• [Task] Every line from the one with "Adjustment range tilt in space." through the last line below should be repeated exactly; pictures stay out of the copy.

[Items from a dataset]
· · · · ·
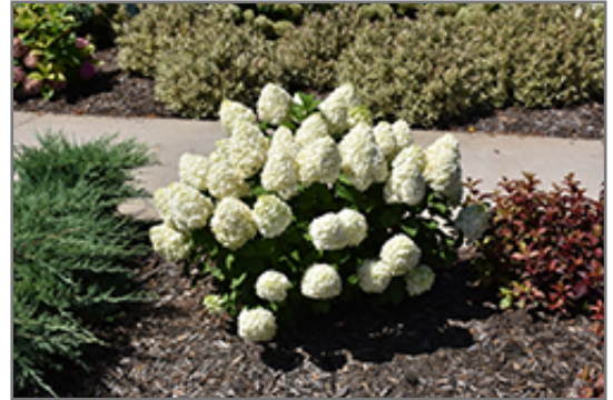
Little Lime Punch Hydrangea in bloom

Little Lime Punch Hydrangea makes a fine choice for the outdoor landscape, but it is also well-suited for use in outdoor pots and containers. With its upright habit of growth, it is best suited for use as a 'thriller' in the 'spiller-thriller-filler' container combination; plant it near the center of the pot, surrounded by smaller plants and those that spill over the edges. It is even sizeable enough that it can be grown alone in a suitable container. Note that when grown in a container, it may not perform exactly as indicated on the tag - this is to be expected. Also note that when growing plants in outdoor containers and baskets, they may require more frequent waterings than they would in the yard or garden. Be aware that in our climate, most plants cannot be expected to survive the winter if left in containers outdoors, and this plant is no exception. Contact our experts for more information on how to protect it over the winter months.
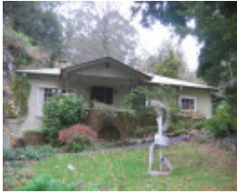
George Tindale Memorial Gardens
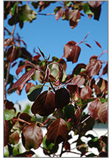
Rudolph Flowering Crab foliage

This tree should only be grown in full sunlight. It prefers to grow in average to moist conditions, and shouldn't be allowed to dry out. It is not particular as to soil type or pH. It is highly tolerant of urban pollution and will even thrive in inner city environments. This particular variety is an interspecific hybrid.
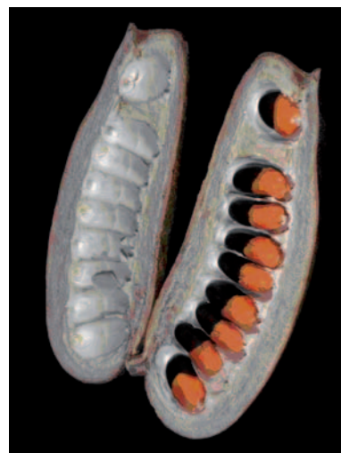
A longitudinal cut of A. africana pod with seed (material provided by CNSF).

The fragrant white flowers often have purple markings. The flowers are composed of 3 elliptic upper petals, 10-12 mm long and 1 lower petal with two divergent round lobes.
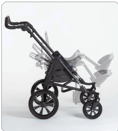
Adjustment range tilt in space.
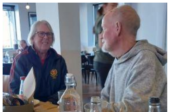
Club Members enjoying lunch together at The Metro on Anzac Day
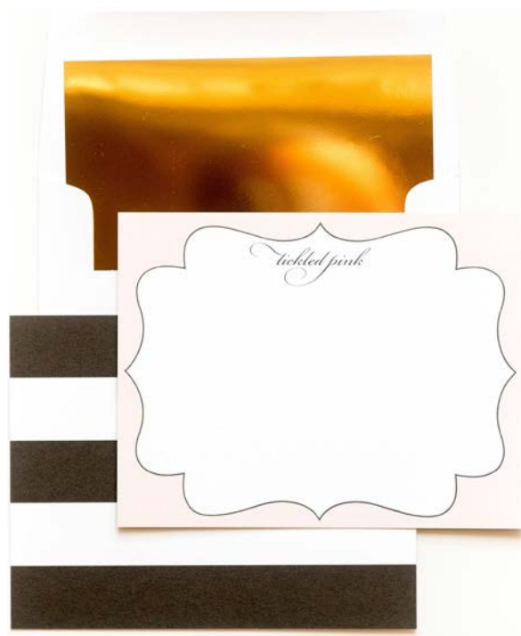
BRA06 tickled pink
· · · · ·
• [Result of the exercise]
Adjustment range tilt in space.
Club Members enjoying lunch together at The Metro on Anzac Day
BRA06 tickled pink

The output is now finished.